*EXERCISE GOAL*. The answer must be every entry below, word for word, with the pictures left out.

*GIVEN RECORDS*.

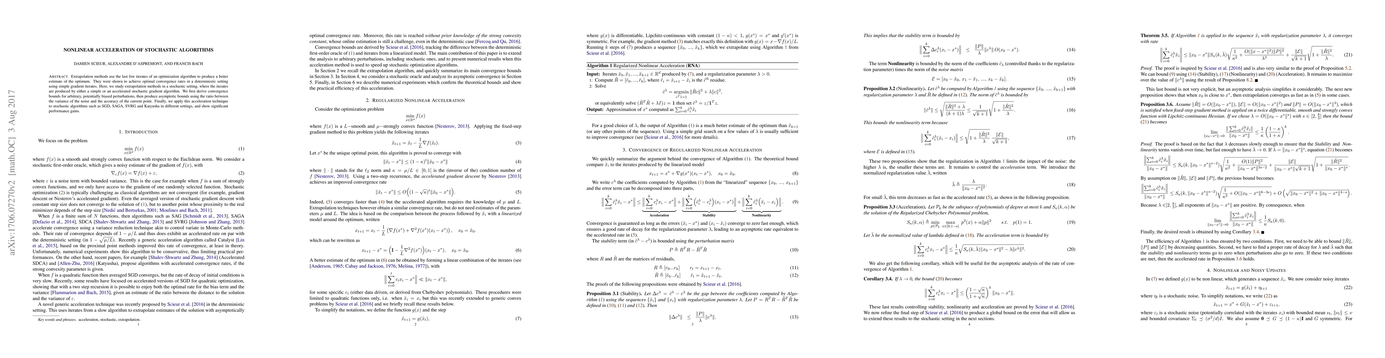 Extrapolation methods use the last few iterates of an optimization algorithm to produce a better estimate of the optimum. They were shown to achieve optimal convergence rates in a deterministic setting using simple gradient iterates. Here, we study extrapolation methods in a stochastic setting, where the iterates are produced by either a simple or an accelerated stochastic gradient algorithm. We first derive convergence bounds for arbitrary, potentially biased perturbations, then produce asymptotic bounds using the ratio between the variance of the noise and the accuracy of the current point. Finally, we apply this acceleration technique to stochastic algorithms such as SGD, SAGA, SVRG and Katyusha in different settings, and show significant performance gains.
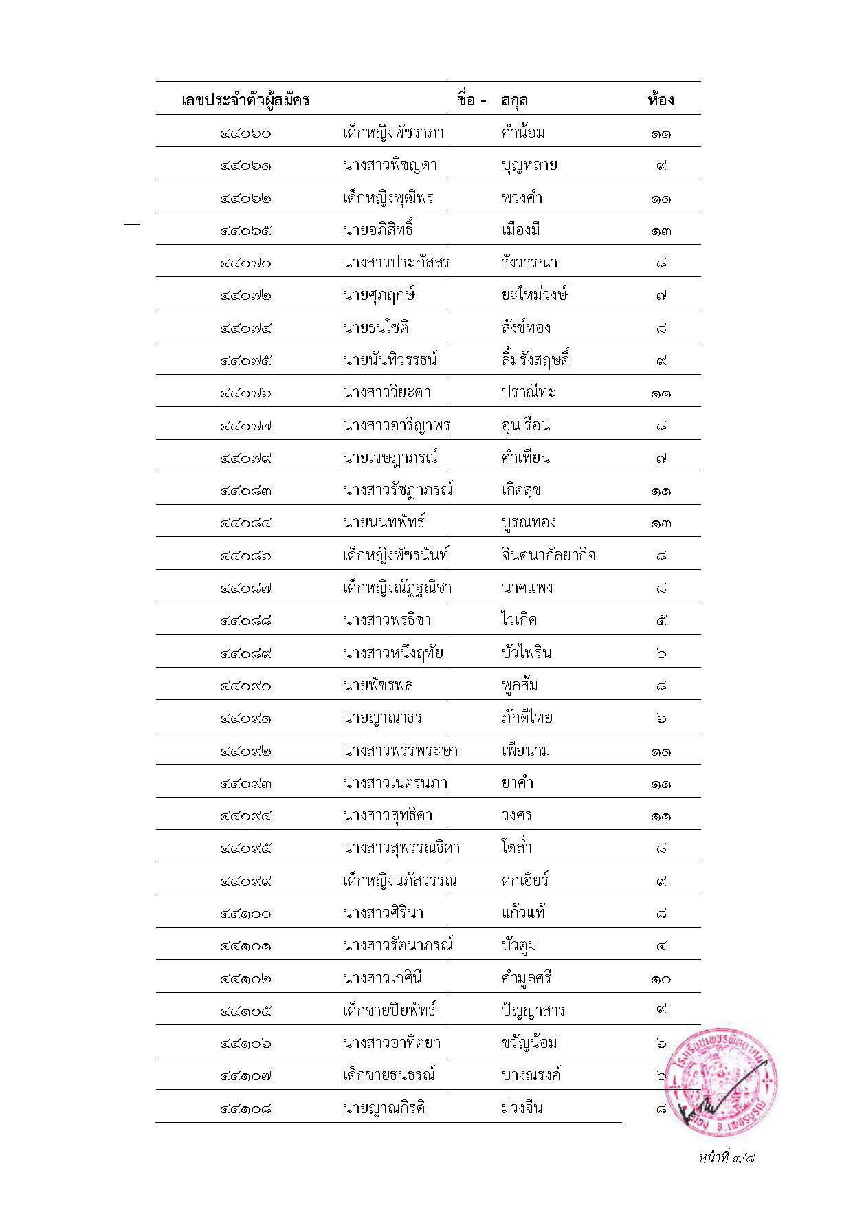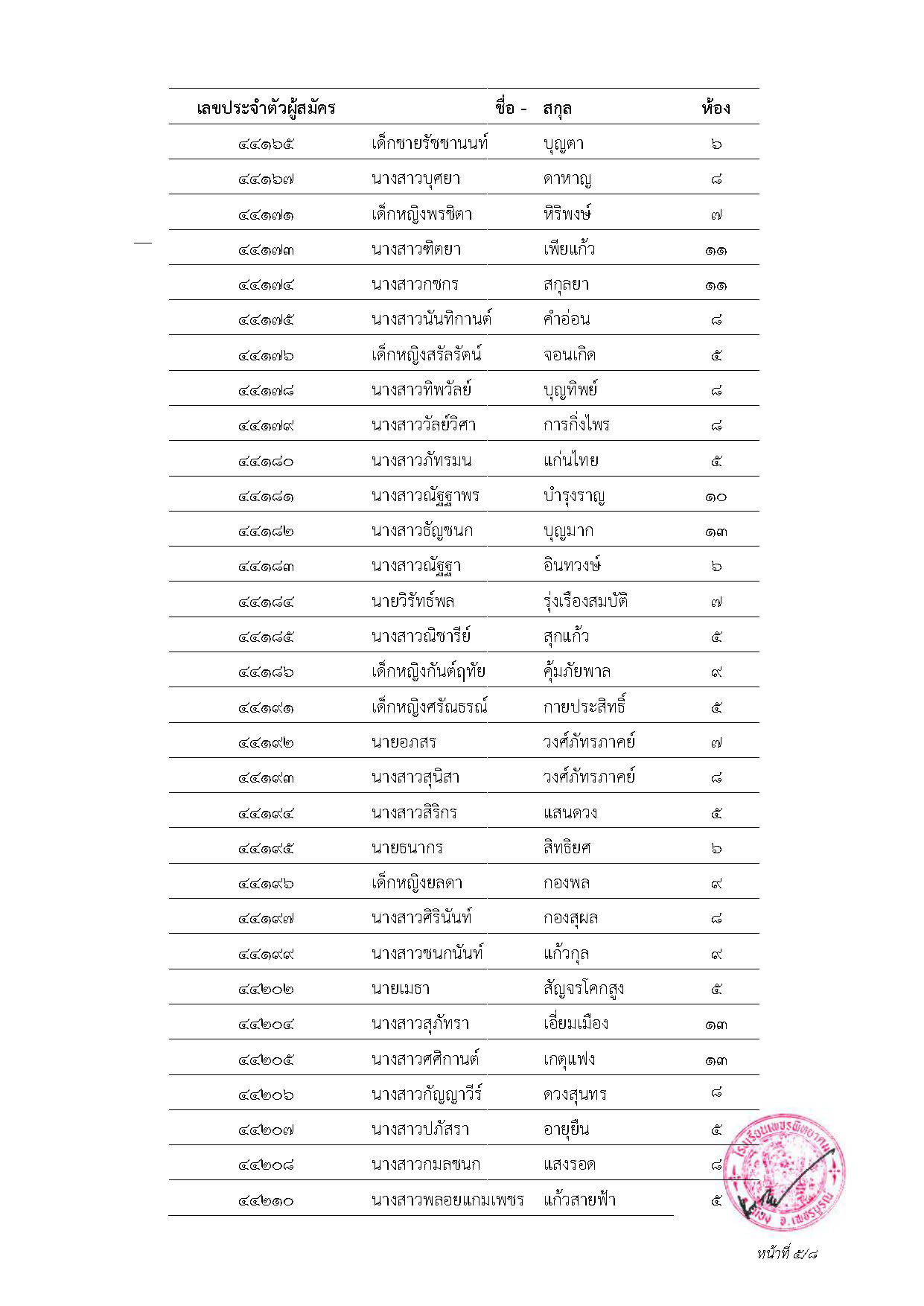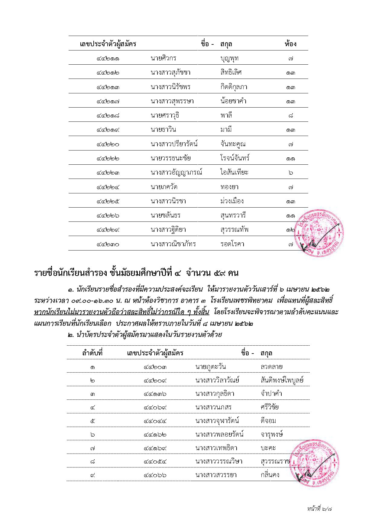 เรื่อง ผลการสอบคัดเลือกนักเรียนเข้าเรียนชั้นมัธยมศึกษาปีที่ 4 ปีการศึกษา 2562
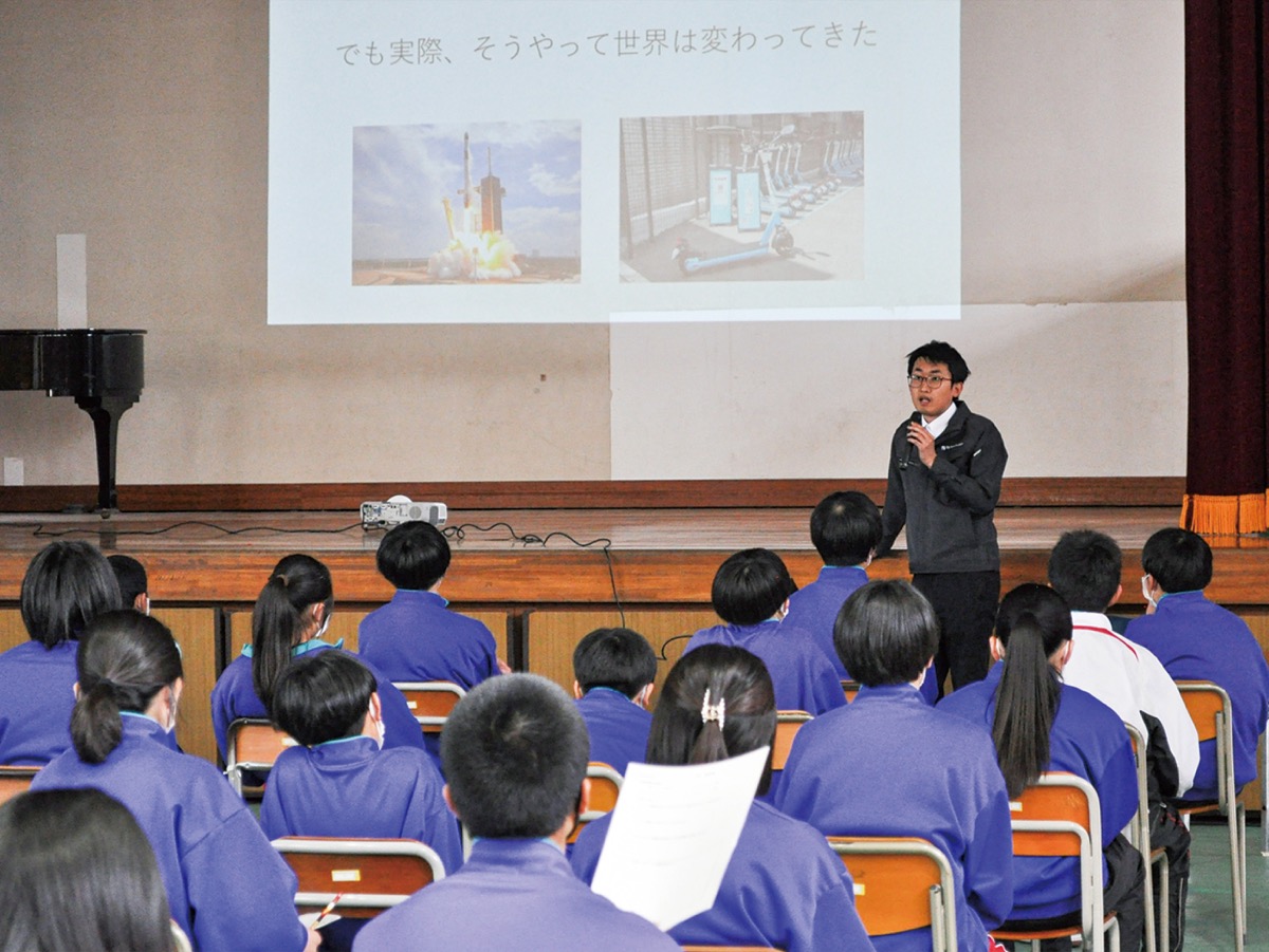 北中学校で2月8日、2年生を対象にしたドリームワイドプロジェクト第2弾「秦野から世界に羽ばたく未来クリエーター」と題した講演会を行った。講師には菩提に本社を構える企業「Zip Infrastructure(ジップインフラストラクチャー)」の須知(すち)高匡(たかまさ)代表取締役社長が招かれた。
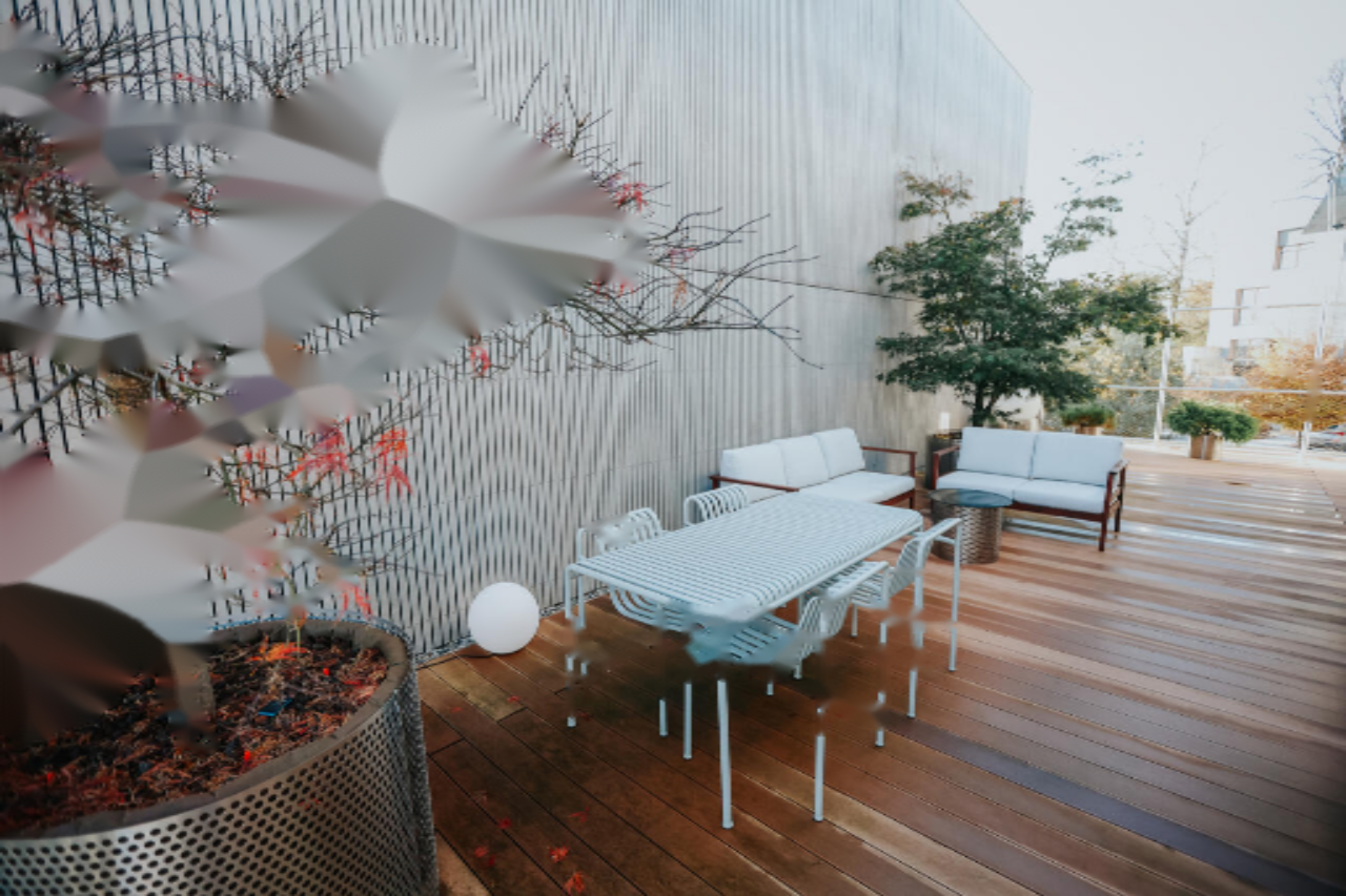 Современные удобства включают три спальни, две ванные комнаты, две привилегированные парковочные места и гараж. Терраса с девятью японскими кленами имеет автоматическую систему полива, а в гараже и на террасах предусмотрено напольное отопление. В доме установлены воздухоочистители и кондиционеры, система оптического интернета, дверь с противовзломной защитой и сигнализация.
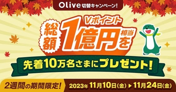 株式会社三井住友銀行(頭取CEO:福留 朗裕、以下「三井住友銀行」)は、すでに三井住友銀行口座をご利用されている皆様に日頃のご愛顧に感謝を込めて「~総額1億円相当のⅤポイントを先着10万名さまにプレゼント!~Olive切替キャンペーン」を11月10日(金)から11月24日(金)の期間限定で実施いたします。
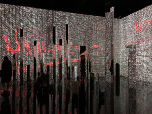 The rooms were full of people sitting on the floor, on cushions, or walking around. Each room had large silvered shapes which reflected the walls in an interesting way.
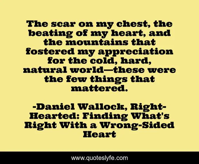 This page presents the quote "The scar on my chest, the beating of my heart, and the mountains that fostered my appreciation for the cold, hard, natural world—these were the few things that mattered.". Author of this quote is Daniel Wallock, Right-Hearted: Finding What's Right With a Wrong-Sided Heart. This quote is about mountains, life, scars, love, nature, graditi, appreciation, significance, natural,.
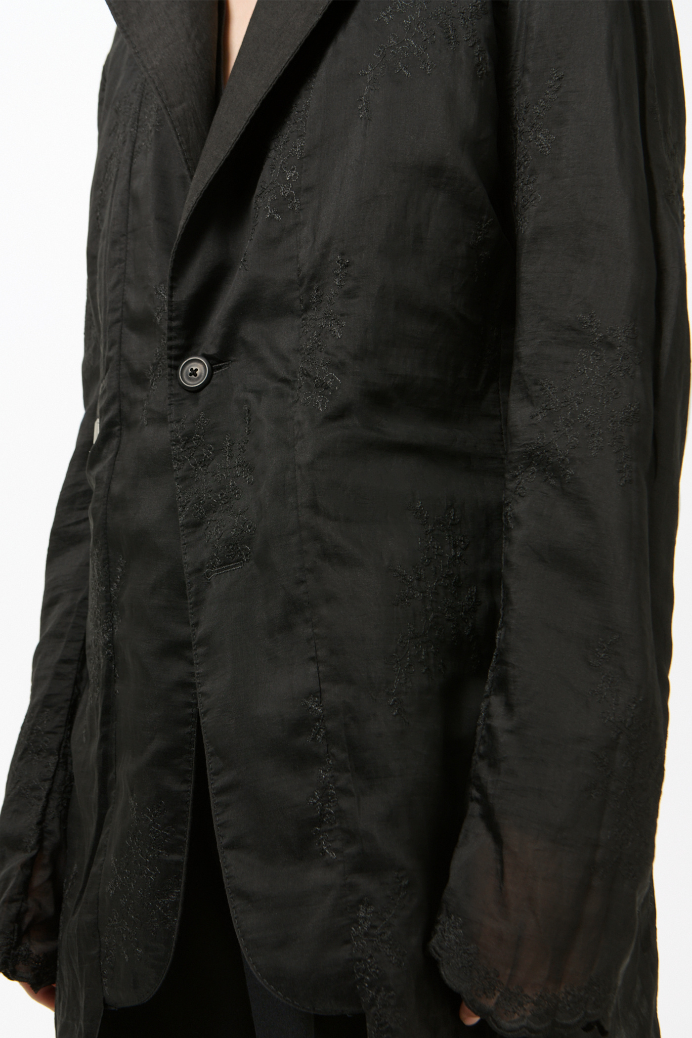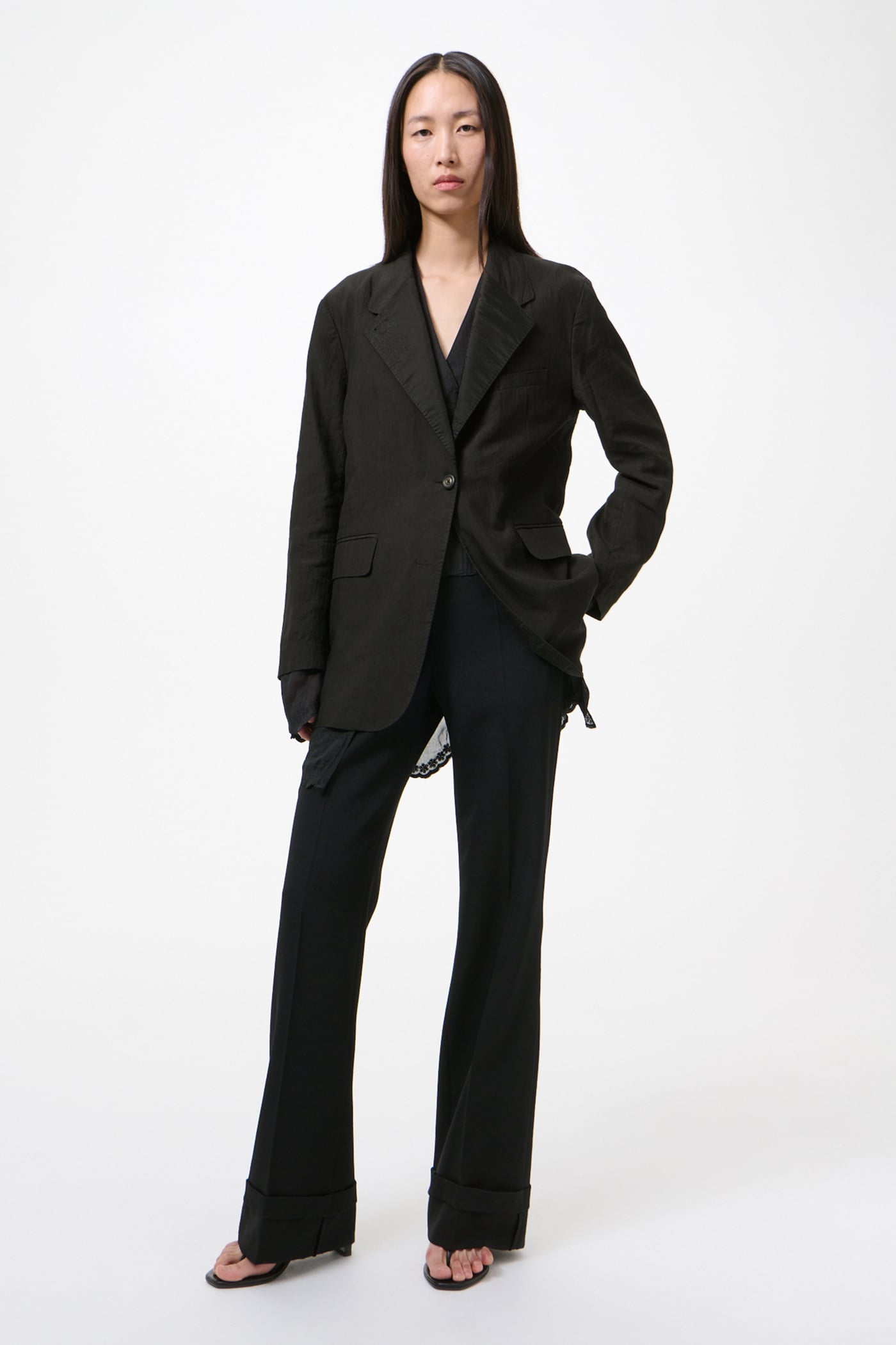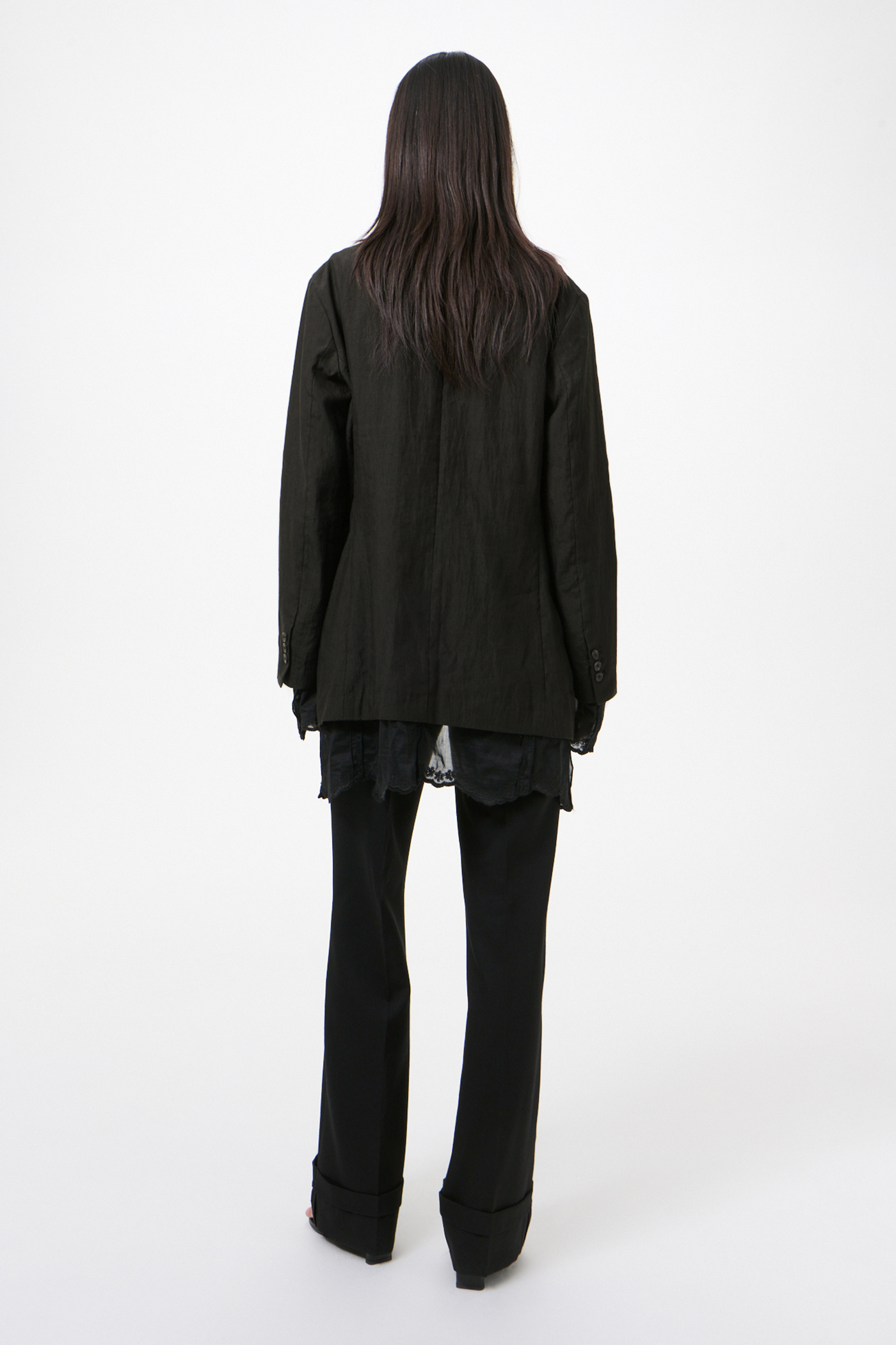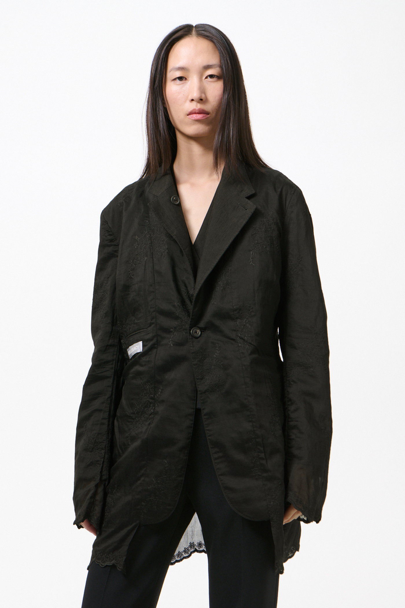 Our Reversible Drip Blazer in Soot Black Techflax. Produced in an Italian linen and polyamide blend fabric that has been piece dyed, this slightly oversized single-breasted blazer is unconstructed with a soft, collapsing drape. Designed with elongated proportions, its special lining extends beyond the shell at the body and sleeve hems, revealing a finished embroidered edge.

*RESPONSE TO THE EXERCISE*.
 Extrapolation methods use the last few iterates of an optimization algorithm to produce a better estimate of the optimum. They were shown to achieve optimal convergence rates in a deterministic setting using simple gradient iterates. Here, we study extrapolation methods in a stochastic setting, where the iterates are produced by either a simple or an accelerated stochastic gradient algorithm. We first derive convergence bounds for arbitrary, potentially biased perturbations, then produce asymptotic bounds using the ratio between the variance of the noise and the accuracy of the current point. Finally, we apply this acceleration technique to stochastic algorithms such as SGD, SAGA, SVRG and Katyusha in different settings, and show significant performance gains.
 เรื่อง ผลการสอบคัดเลือกนักเรียนเข้าเรียนชั้นมัธยมศึกษาปีที่ 4 ปีการศึกษา 2562
 北中学校で2月8日、2年生を対象にしたドリームワイドプロジェクト第2弾「秦野から世界に羽ばたく未来クリエーター」と題した講演会を行った。講師には菩提に本社を構える企業「Zip Infrastructure(ジップインフラストラクチャー)」の須知(すち)高匡(たかまさ)代表取締役社長が招かれた。
 Современные удобства включают три спальни, две ванные комнаты, две привилегированные парковочные места и гараж. Терраса с девятью японскими кленами имеет автоматическую систему полива, а в гараже и на террасах предусмотрено напольное отопление. В доме установлены воздухоочистители и кондиционеры, система оптического интернета, дверь с противовзломной защитой и сигнализация.
 株式会社三井住友銀行(頭取CEO:福留 朗裕、以下「三井住友銀行」)は、すでに三井住友銀行口座をご利用されている皆様に日頃のご愛顧に感謝を込めて「~総額1億円相当のⅤポイントを先着10万名さまにプレゼント!~Olive切替キャンペーン」を11月10日(金)から11月24日(金)の期間限定で実施いたします。
 The rooms were full of people sitting on the floor, on cushions, or walking around. Each room had large silvered shapes which reflected the walls in an interesting way.
 This page presents the quote "The scar on my chest, the beating of my heart, and the mountains that fostered my appreciation for the cold, hard, natural world—these were the few things that mattered.". Author of this quote is Daniel Wallock, Right-Hearted: Finding What's Right With a Wrong-Sided Heart. This quote is about mountains, life, scars, love, nature, graditi, appreciation, significance, natural,.
 Our Reversible Drip Blazer in Soot Black Techflax. Produced in an Italian linen and polyamide blend fabric that has been piece dyed, this slightly oversized single-breasted blazer is unconstructed with a soft, collapsing drape. Designed with elongated proportions, its special lining extends beyond the shell at the body and sleeve hems, revealing a finished embroidered edge.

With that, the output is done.